● **TASK OBJECTIVE**
Scan the entries below. Return every line that includes "with".

═════ EXTRACTED RECORDS ═════

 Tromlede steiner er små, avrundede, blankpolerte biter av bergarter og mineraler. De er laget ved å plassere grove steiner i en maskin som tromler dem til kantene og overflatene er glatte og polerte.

═════
═════ EXTRACTED RECORDS ═════

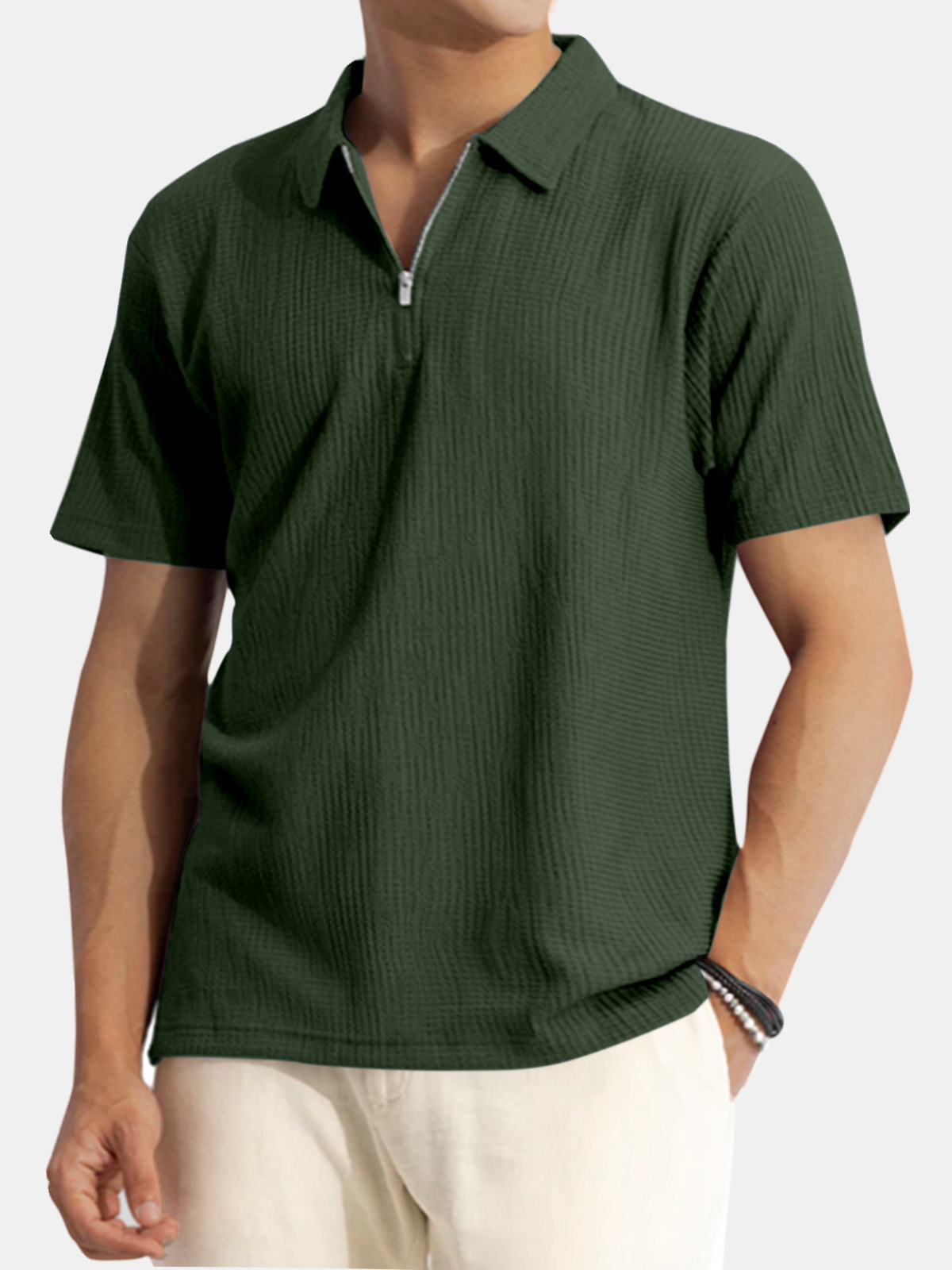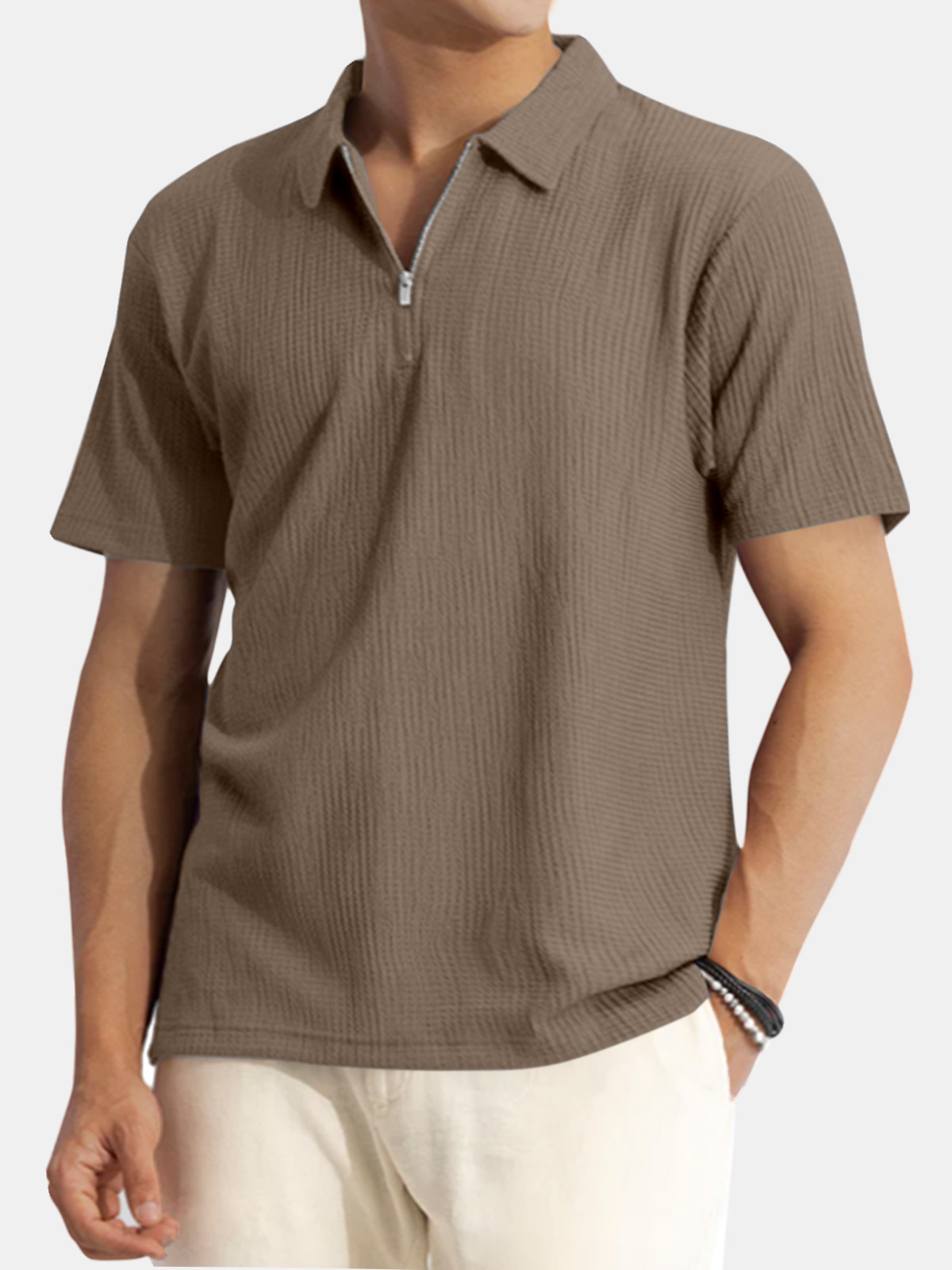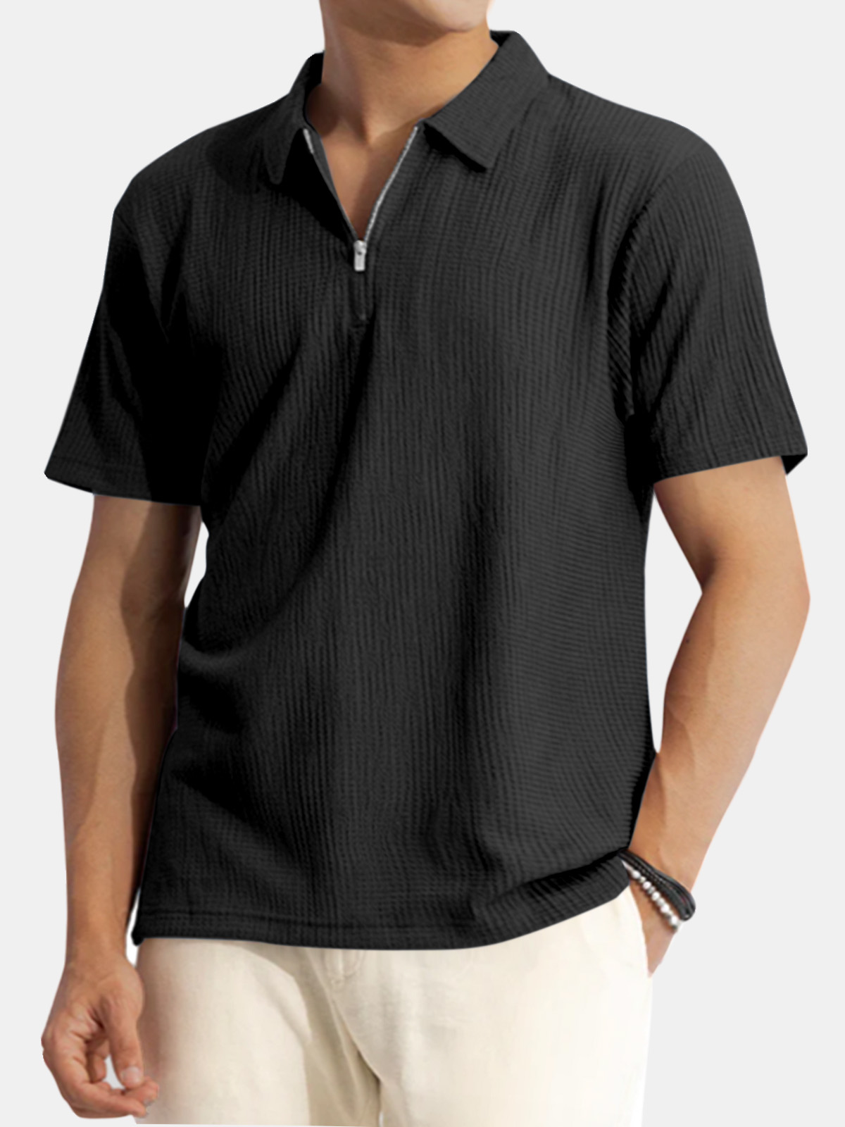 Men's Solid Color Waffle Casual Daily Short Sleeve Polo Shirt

═════
═════ EXTRACTED RECORDS ═════

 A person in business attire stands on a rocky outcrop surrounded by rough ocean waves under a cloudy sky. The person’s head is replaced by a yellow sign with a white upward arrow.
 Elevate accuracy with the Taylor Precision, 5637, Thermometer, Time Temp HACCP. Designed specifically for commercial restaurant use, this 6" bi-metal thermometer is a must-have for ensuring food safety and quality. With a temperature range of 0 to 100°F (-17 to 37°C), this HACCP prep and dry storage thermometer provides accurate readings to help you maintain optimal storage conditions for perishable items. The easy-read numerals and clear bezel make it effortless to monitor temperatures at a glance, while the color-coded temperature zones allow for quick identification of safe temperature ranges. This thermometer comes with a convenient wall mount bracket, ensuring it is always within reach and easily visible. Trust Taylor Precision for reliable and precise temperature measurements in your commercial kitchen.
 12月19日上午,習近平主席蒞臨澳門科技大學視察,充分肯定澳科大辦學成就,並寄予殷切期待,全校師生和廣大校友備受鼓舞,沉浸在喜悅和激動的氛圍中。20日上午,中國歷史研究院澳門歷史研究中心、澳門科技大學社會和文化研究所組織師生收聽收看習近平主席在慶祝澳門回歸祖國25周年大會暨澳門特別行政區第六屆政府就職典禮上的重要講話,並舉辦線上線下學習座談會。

═════

● **THE ANSWER**
 A person in business attire stands on a rocky outcrop surrounded by rough ocean waves under a cloudy sky. The person’s head is replaced by a yellow sign with a white upward arrow.
 Elevate accuracy with the Taylor Precision, 5637, Thermometer, Time Temp HACCP. Designed specifically for commercial restaurant use, this 6" bi-metal thermometer is a must-have for ensuring food safety and quality. With a temperature range of 0 to 100°F (-17 to 37°C), this HACCP prep and dry storage thermometer provides accurate readings to help you maintain optimal storage conditions for perishable items. The easy-read numerals and clear bezel make it effortless to monitor temperatures at a glance, while the color-coded temperature zones allow for quick identification of safe temperature ranges. This thermometer comes with a convenient wall mount bracket, ensuring it is always within reach and easily visible. Trust Taylor Precision for reliable and precise temperature measurements in your commercial kitchen.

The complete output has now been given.